The following is a summary of the “Potential peripheral biomarkers associated with the emergence and presence of post-traumatic stress disorder symptomatology: A systematic review,” published in the January 2023 issue of Psychoneuroendocrinology by Sbisa, et al.
There is mounting evidence that the mental and physical components of post-traumatic stress disorder (PTSD) interact with one another. However, reliable and accurate biomarkers have yet to be identified for PTSD, even though they could be useful in identifying people with underlying dysregulation and increased risk. Therefore, the PRISMA guidelines were followed to conduct a systematic review. EMBASE, MEDLINE, and Cochrane Central were used as databases. In addition, studies from a 2015 review (Schmidt et al., 2015) and subsequent papers published in English after that review (between 2014 and May 2022) were included. About 48 studies met the criteria.
Changes in neuroendocrine and immune markers most often accompany psychological distress due to post-traumatic stress disorder. Evidence suggests that PTSD symptoms are linked to hypothalamic-pituitary-adrenal axis dysfunction, as reflected by low basal cortisol, immune dysregulation, characterized by an elevated pro-inflammatory state, and metabolic dysfunction. However, many studies failed to account for sex or history of trauma, both of which may influence the physical manifestations of post-traumatic stress disorder.

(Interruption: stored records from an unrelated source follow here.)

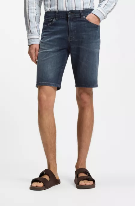 Tapered-fit shorts in bright-blue stretch denim
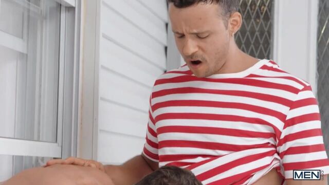 Clark Delgaty gets home early from his jog to catch his husband Nate Grimes cheating! Nate tells his lover Skyy Knox to climb out the window, but the naked cheater gets stuck, and when Clark enters and sees a bare ass poking out, he thinks it's his man's, immediately spanking it and fingering the hole. Skyy gets so horny that when Nate comes outside to see what's the holdup, he starts sucking Nate's dick as Clark fucks him doggystyle! That's when Clark catches them and pulls them both inside. He roughly feeds Nate his big dick, then hatefucks him doggystyle before enlisting Skyy to help DP the cheating bottom. Clark and Skyy take turns fucking Nate piledriver, then Nate eats Skyy's load.
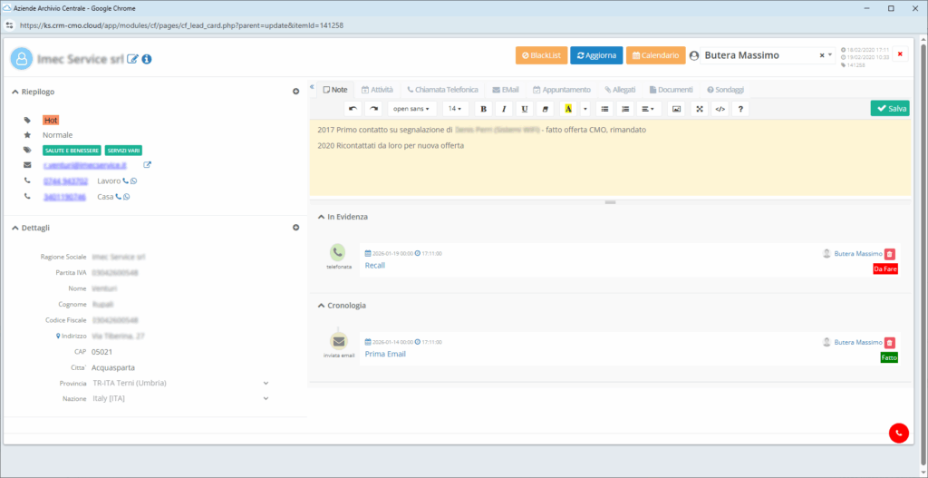 In questi casi, la scheda del Lead si apre automaticamente, permettendo all’operatore di avere immediatamente sotto controllo la storia del contatto. Questo approccio riduce i tempi morti e aumenta l’efficacia delle attività telefoniche, mantenendo la Pipeline sempre aggiornata e coerente con la realtà operativa.
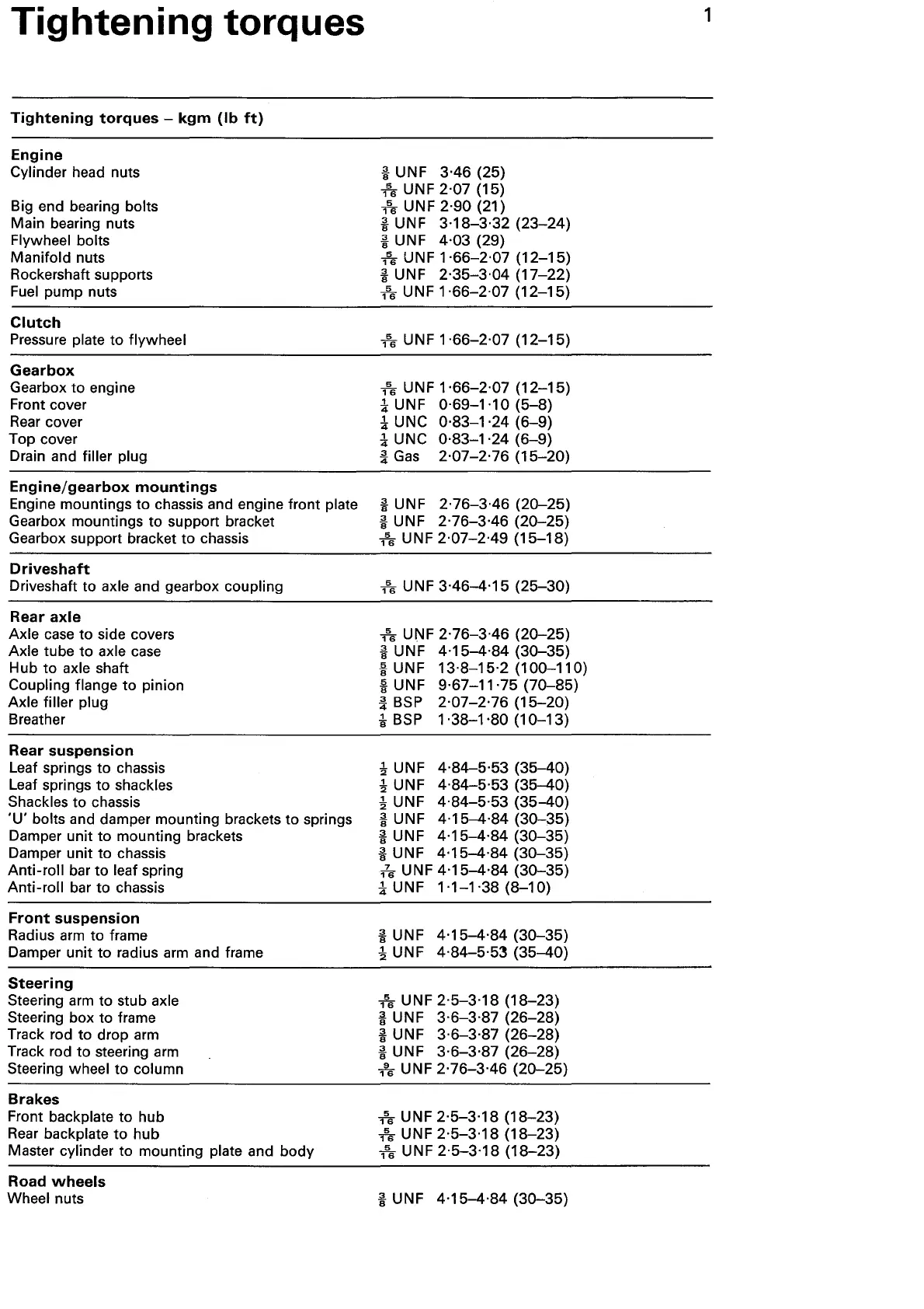 Tightening torques
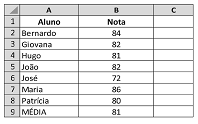 Considerando que a figura acima mostra parte de uma planilha em processo de edição no Excel, na qual estão contidas notas de sete alunos, assinale a opção que apresenta a fórmula correta para se calcular a média dessas notas, apresentada na célula B9 da planilha.
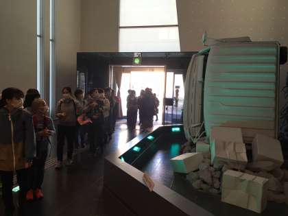 記念館の方から防災の大切さについてお話を聞き、映像から学んだり、実際に体験したりして災害について学びました。
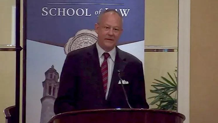 A screen capture of Timothy Tymkovich during a 2014 speech.
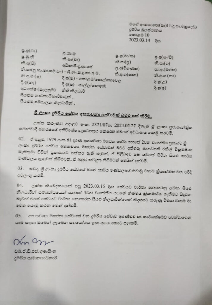 “හෙට දිනයේදි 23/03/15 විධිමත් පරිදි නිවාඩු අනුමත නොකරවාගෙන සේවයට නොපැමිණෙන සියලුම නිලධාරින් සඳහා වැටුප් රහිත දිනයක් ලෙස සලකා කටයුතු කල යුතුය. සියලුම කොමසාරිස්වරු තමන් යටතේ ඇති අංශ වල නිලධාරින් සම්බන්දයෙන් මෙම උපදෙස් අනුව කටයුතු කල යුතුය.”
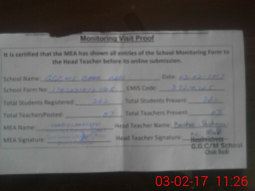 | EMIS Code: 39210365 | Name of School: GGCMS CHAK BEDI | |||
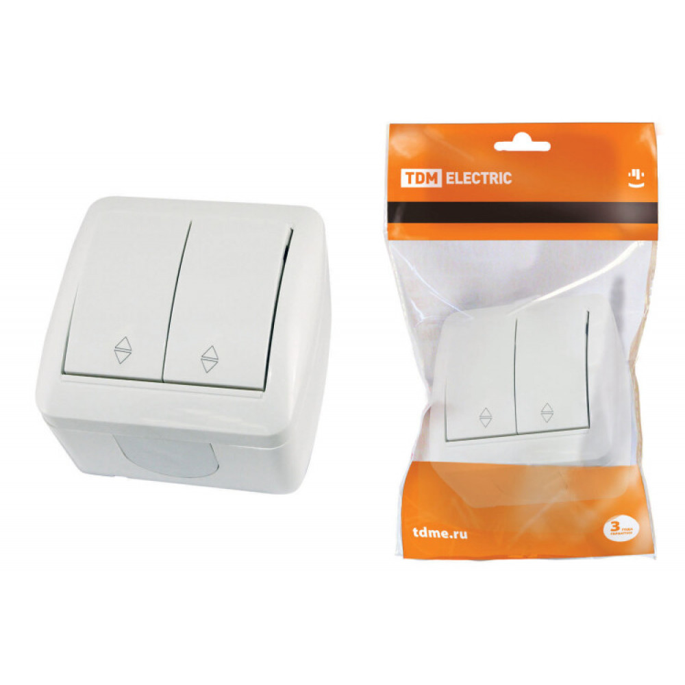 Описание Выключатель на 2 направления 2-кл. открытой установки IP44 10А белый "Селигер" SQ1818-0012
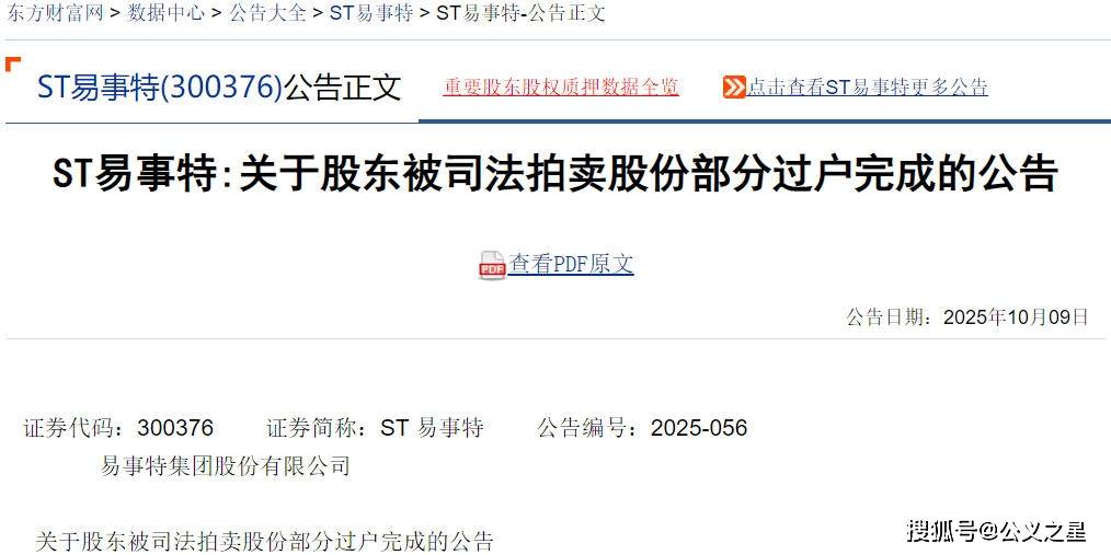 2025-10-20股票推荐,今日牛股,短线股票推荐,明日股票推荐,热门板块分析/每日精选A股潜力牛股,覆盖短线爆发股与长线价值股,附技术图形、资金动向与题材热点分析,助您提前抓住风口,精准进场!公告显示:公司第一大股东扬州东方集团有限公司之一致行动人新平慧盟新能源科技有限公司所持公司的6261万股无限售流通股已全部拍卖成交,其中6161万股已完成过户登记手续,剩余100万股尚未过户。公司目前无控股股东、实际控制人,上述股份被拍卖及过户事项
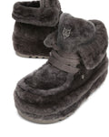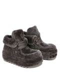 Bambi, the new boot from Naked Wolfe, a perfect blend of luxury and edge. This boot features a premium shearling wool, ideal for colder weather. With a 60mm heel height and a chunky super light tread. The design is enhanced by 15mm width laces, an embossed Wolfe head on the tongue, and an embossed logo on the back tape. A small Wolfe head pin at the side adds a distinctive touch, making the Bambi boot a standout piece in any winter wardrobe.

Results that vary suggest that the relationship between allostasis load, biological markers, and PTSD is still largely undefined, reflecting the complexity and heterogeneity of PTSD.
Future research must incorporate the covariates of sex, prior trauma, adverse childhood experiences, prospective research design, and long-term follow-up. To better understand biomarkers associated with disorder risk and to aid in untangling directionality, future research should investigate biological correlates specific to PTSD symptom domains to determine whether underlying processes differ with symptom expression.